One unexpected result of the present study was that RTs increased, albeit slightly, with practice, both for the color-naming task and for the picture-naming task. In his seminal paper, Stroop (1935) reported a decrease of RTs over several days of practice with the incongruent color-naming task, a result that has been replicated since with several variants of the Stroop task (e.g., Flowers & Stoup, 1977; Harbeson, Krause, Kennedy, & Bittner Jr., 1982; MacLeod, 1998). The most important difference between these studies and our present study is that we examined the effect of practice during one session, whereas the other studies examined the effect of practice in sessions spread out over successive days. Therefore, we suggest that the fact that we found a slight increase in naming times can be attributed to this difference. It seems reasonable to assume that our participants experienced an increase of fatigue during the one session, whereas participants who are allowed a break of 1 day between sessions do not experience such an increase in fatigue. One study (Dulaney & Rogers, 1994) in which a decrease of RTs as a result of practice was reported did use only one practice session, but (a) the practice consisted of naming incongruent stimuli only and (b) during the experiment several stimuli were presented at once, so that participants needed to “orient to the first stimulus on the screen and develop a scanning pattern going from left to right, line by line” (Dulaney & Rogers, 1994, p. 478). In contrast, we presented both incongruent and neutral stimuli during the whole experiment and we presented our stimuli one at a time. Such procedural differences might well be responsible for the differences in the practice effects obtained. In sum, although we found a different effect of practice than has often been reported in the literature, we think that this difference can be attributed to the specifics of our procedure. What remains is that our practice effect was statistically identical for both the color-naming task and the picture-naming task.

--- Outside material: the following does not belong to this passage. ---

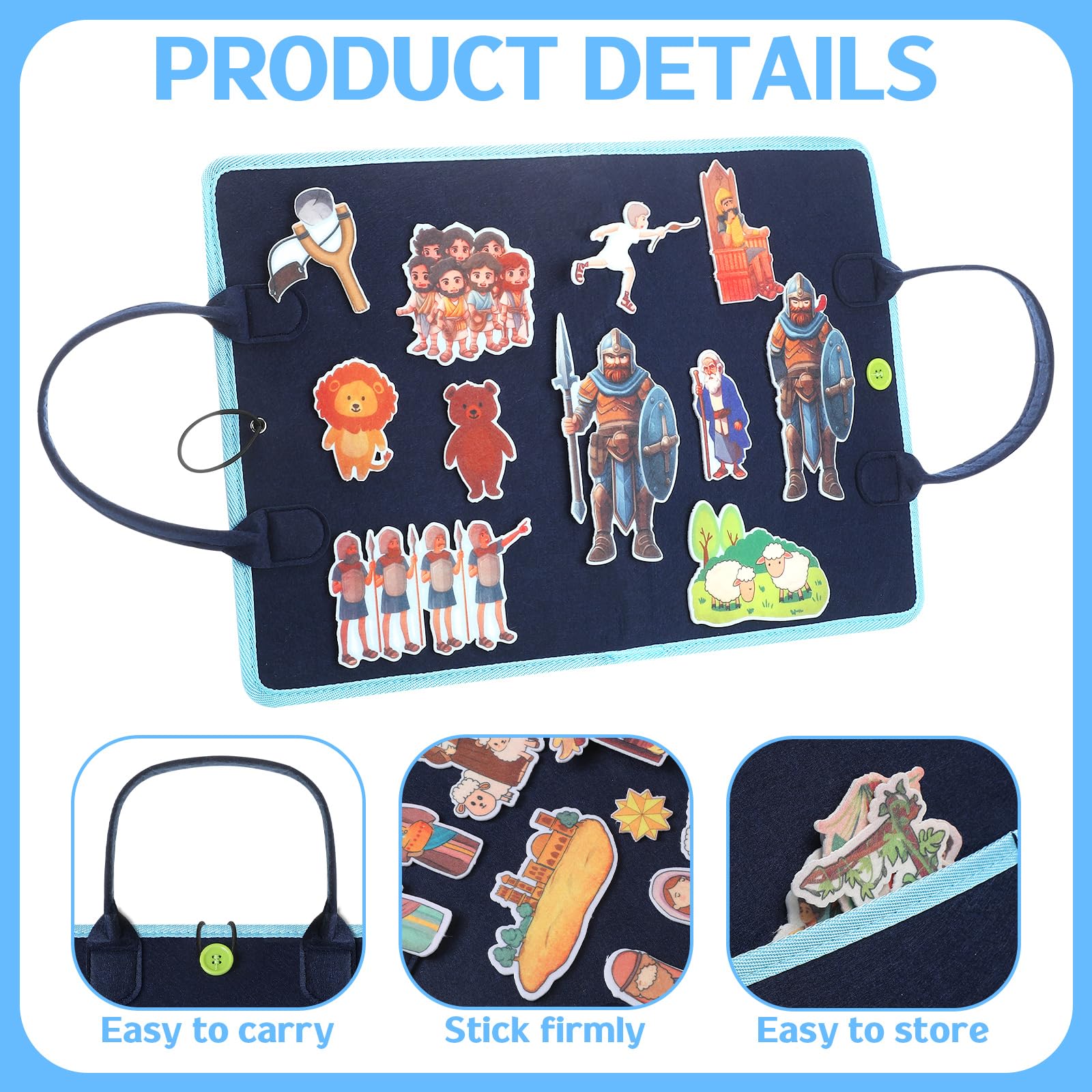 Features: This felt board bible stories set doesn't just offer hours of engaging playtime. It's a visual treat thanks to its multicolored components. Crafted carefully to keep the colors vibrant and engaging, our set is designed to fire your child's imagination while teaching them about famous biblical storylines. The bible felt board stories set provides a gentle but engaging introduction to these famous religious stories, promoting both learning and fun. The handbag style felt board makes it ideal for travel, making it a constant companion for your child, and ensuring they can find a source of enjoyment and education no matter where they are. Specifications: Material: felt Color: multicolored Size: Felt board: about 17.72 x 11.81 inches/ 45 x 30 cm Package includes: 1 x Felt board 4 x Felt board bible stories set (52 pieces) Notes: Manual measurement, please allow slight errors on size. The color may exist a slight difference due to different screen displays. People under 12 years old should be accompanied by adults.

As discussed in the introduction, differences in the size of specific interference components in traditional realizations of the Stroop task and the picture-word interference task should most probably be linked to differences in experimental set-up. In the traditional Stroop task, with only few targets selected from a single semantic category, an important part of the overall interference effect is due to the response-set membership of the distractor and the semantic relevance of the distractor word. In contrast, in the traditional PWI task, with many targets selected from many semantic categories, the contribution of these two components will be very small or even absent, the most important components being semantic similarity between target and distractor and lexicality. However, these differences arise from rather arbitrary choices with respect to number of semantic domains involved, the size of the response set and the response-set membership of the distractor words. They do not result from fundamental differences between the processing of colors and words. When, as we have done in the present study, the two tasks are designed to be as similar as seems possible with respect to these variables, no empirical differences between the results of the color-naming task and the picture-naming task could be observed. We conclude, therefore, that the claim that picture-word interference is a Stroop effect is warranted.Footnote 2 In sum, the present study presents compelling evidence in favor of Glaser and Düngelhoff’s (1984) original assertion that “the color of the Stroop stimulus may be considered the limiting case of the picture component” (p. 640).